(Activity)
From the entries below, reproduce exactly the lines from the one with "POLOWALK女士排骨羽绒马甲背心秋冬90鸭绒立领纯色保暖百搭外套" through the one with "Selecting this type", both included, without images.

(Provided records)
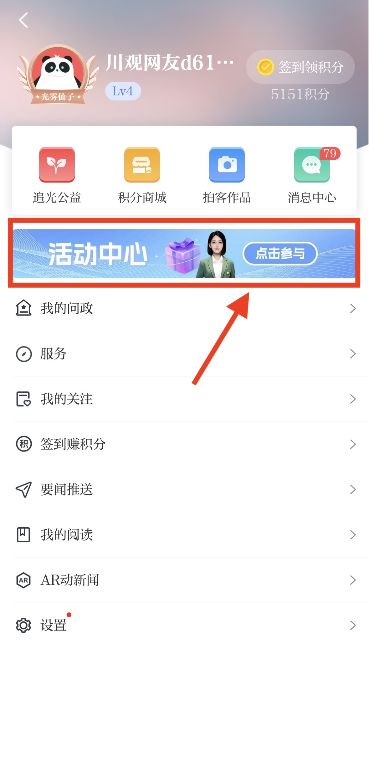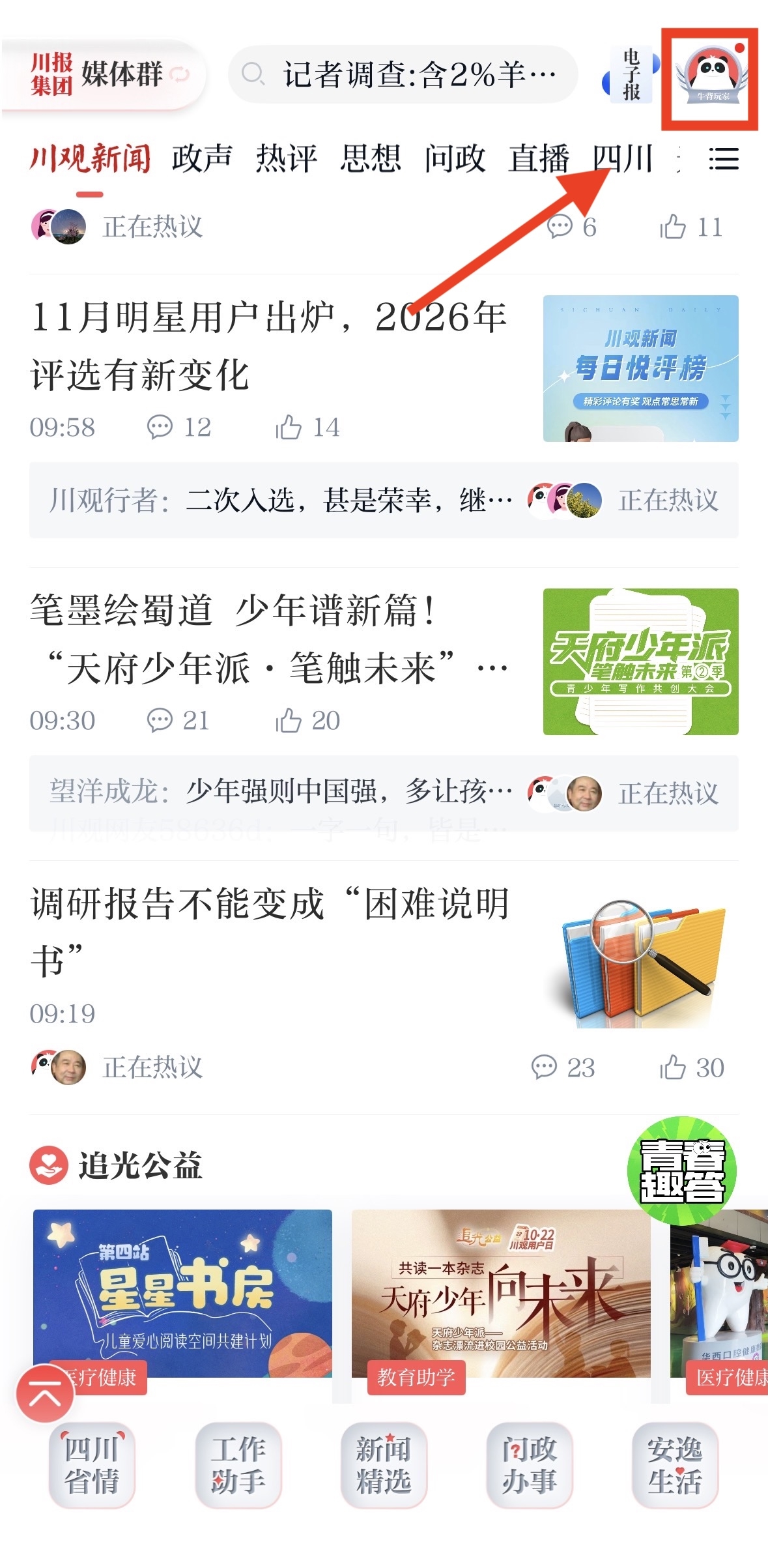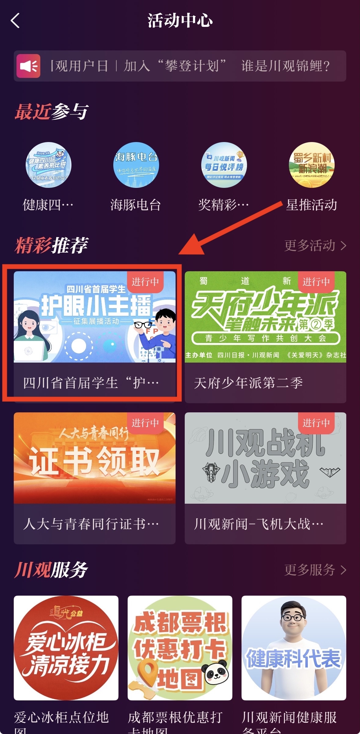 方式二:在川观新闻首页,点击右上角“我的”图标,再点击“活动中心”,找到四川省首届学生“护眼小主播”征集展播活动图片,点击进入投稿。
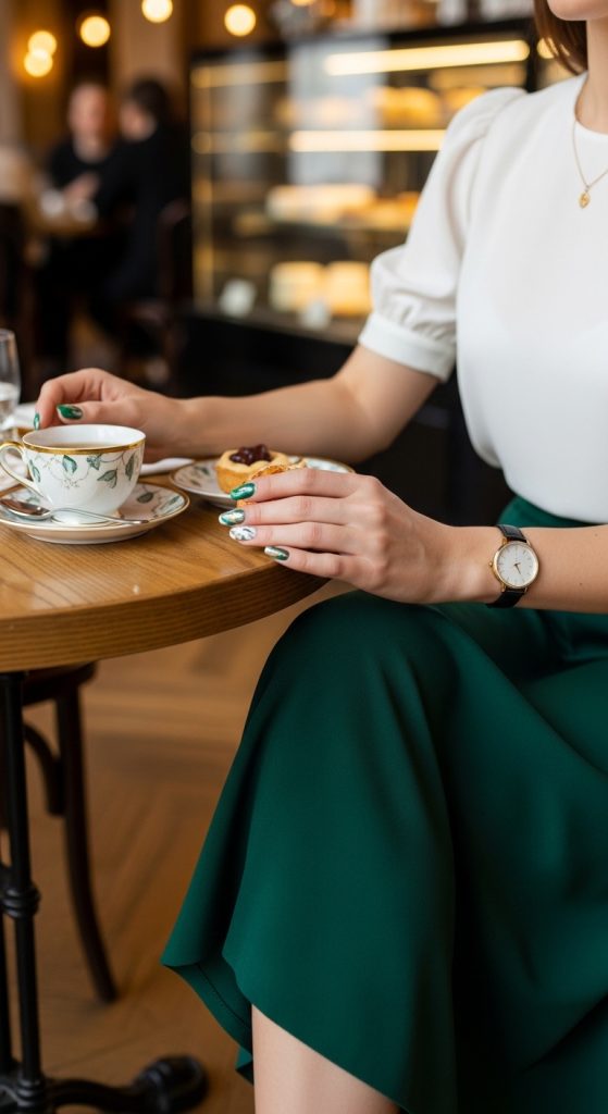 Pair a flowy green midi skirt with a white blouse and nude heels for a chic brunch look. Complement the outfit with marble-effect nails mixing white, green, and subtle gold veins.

--

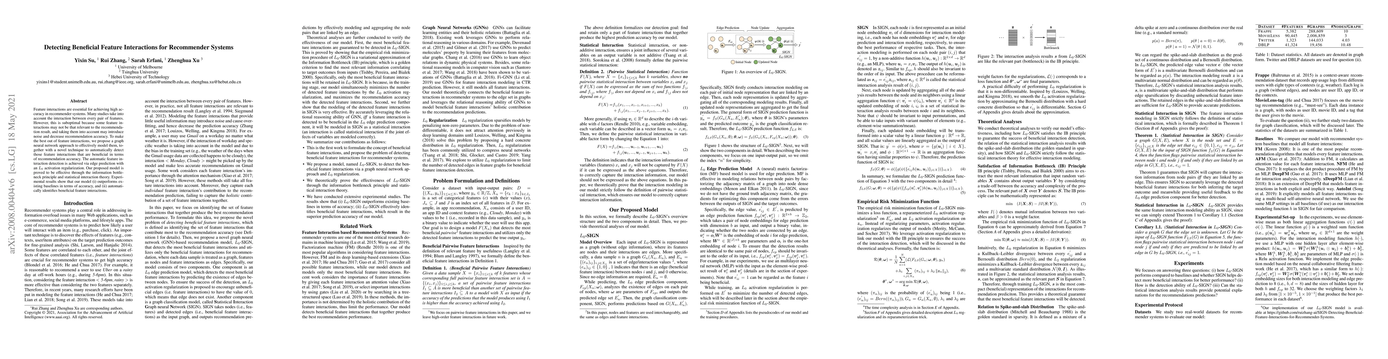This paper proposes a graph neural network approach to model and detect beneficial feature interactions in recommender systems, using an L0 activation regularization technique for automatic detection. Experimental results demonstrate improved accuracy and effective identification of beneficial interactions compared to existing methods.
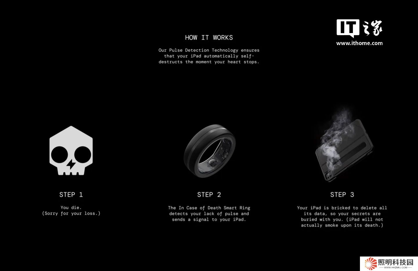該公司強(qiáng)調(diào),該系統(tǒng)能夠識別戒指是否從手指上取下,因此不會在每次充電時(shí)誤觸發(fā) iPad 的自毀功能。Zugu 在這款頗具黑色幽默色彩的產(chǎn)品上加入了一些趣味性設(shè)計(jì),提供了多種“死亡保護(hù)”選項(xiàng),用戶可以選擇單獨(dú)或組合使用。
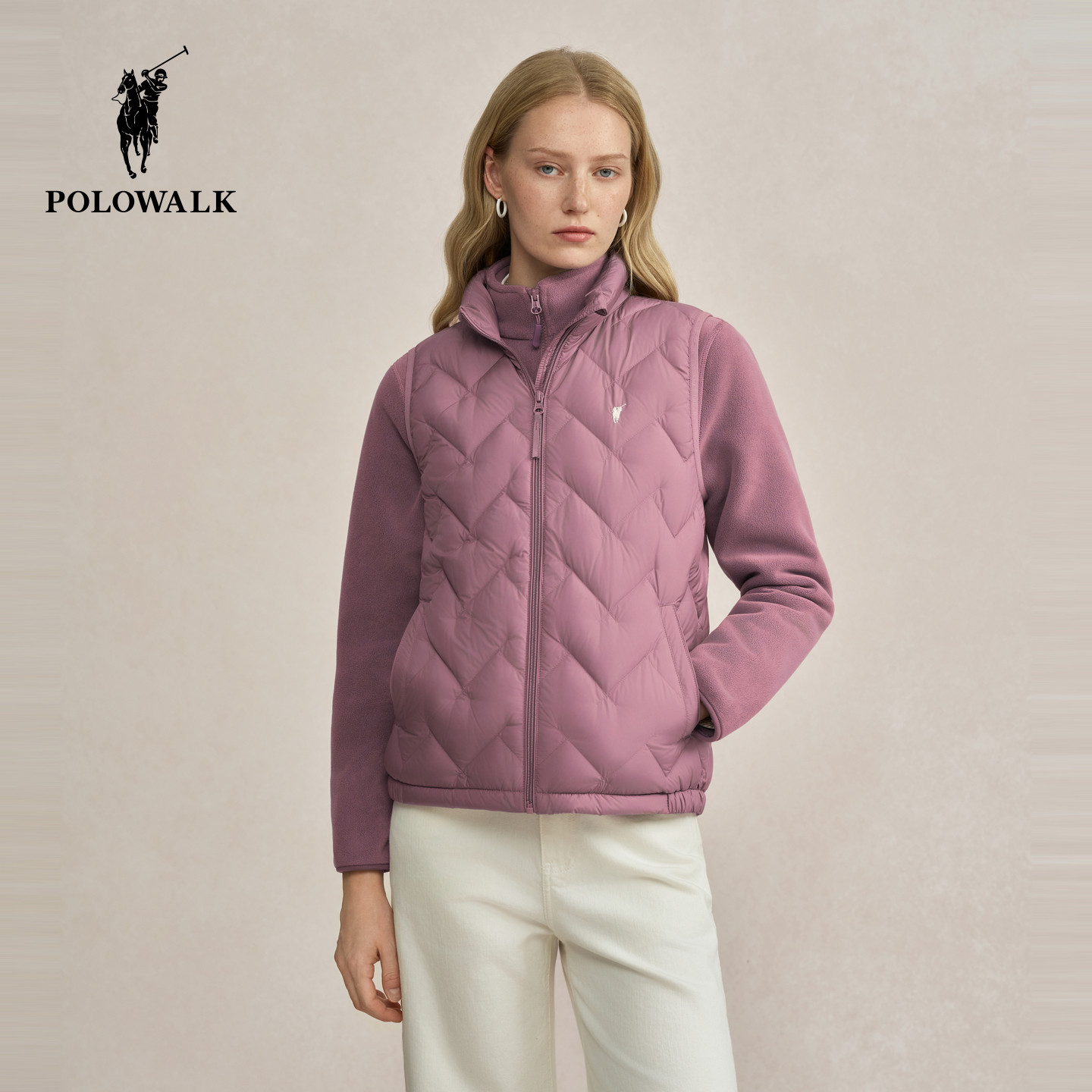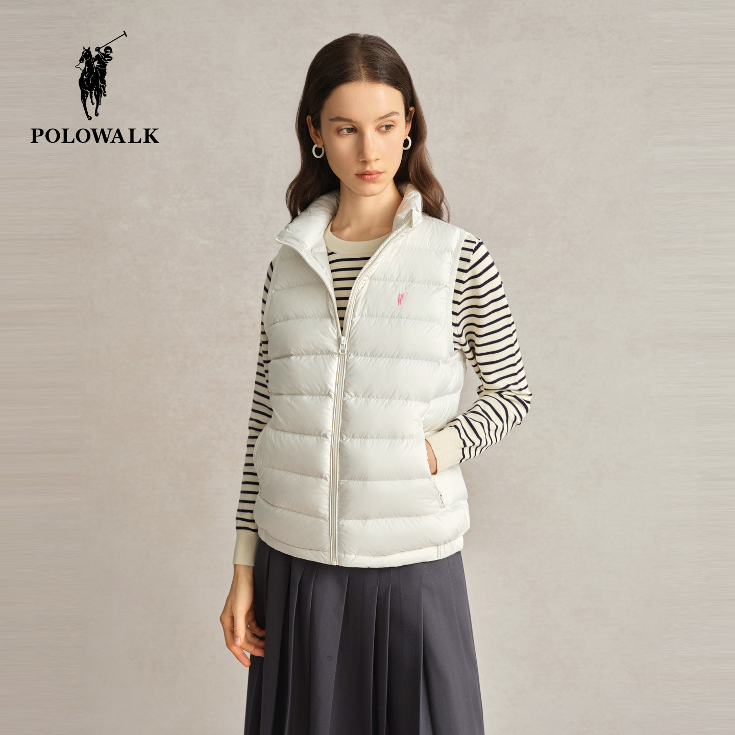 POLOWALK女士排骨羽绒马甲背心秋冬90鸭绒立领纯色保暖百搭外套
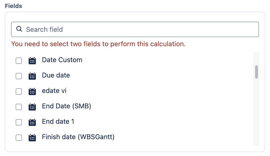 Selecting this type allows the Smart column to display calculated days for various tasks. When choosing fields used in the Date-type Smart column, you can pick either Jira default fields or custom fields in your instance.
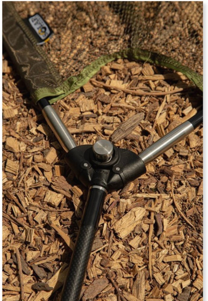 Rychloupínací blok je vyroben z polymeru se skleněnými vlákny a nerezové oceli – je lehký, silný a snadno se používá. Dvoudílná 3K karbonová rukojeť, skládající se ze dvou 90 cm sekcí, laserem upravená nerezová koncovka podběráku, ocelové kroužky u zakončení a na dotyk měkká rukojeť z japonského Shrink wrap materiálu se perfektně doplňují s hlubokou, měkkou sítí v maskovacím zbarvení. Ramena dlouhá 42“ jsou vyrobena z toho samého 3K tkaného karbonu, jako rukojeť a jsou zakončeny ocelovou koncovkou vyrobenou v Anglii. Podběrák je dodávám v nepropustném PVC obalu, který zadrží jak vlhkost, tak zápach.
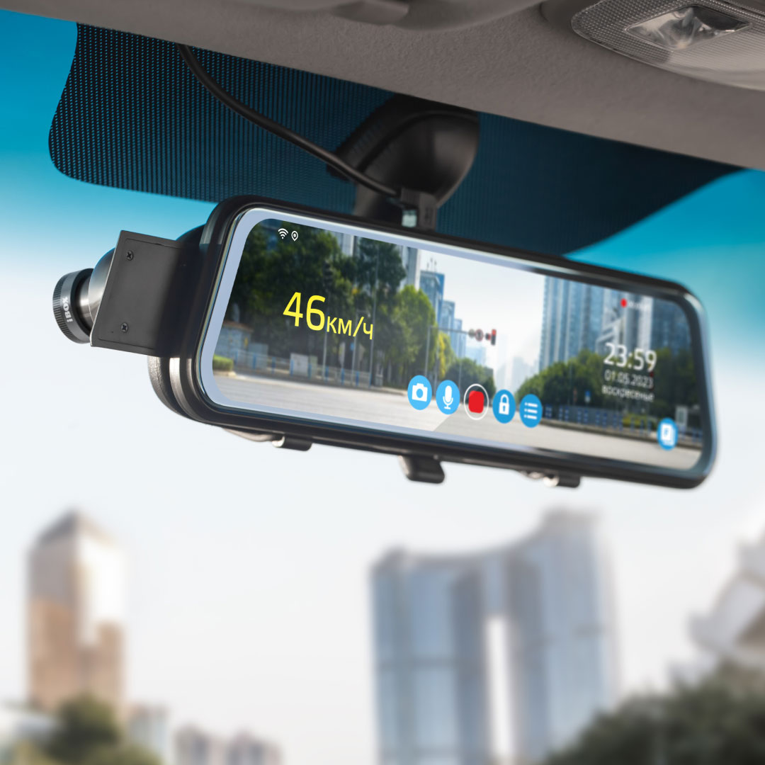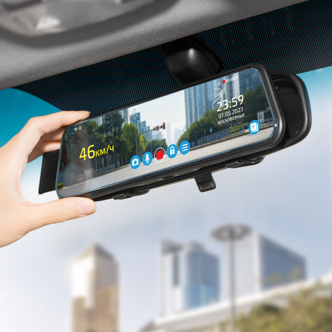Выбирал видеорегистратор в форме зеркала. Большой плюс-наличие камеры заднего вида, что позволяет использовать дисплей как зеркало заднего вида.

(Task response)
 POLOWALK女士排骨羽绒马甲背心秋冬90鸭绒立领纯色保暖百搭外套
 Selecting this type allows the Smart column to display calculated days for various tasks. When choosing fields used in the Date-type Smart column, you can pick either Jira default fields or custom fields in your instance.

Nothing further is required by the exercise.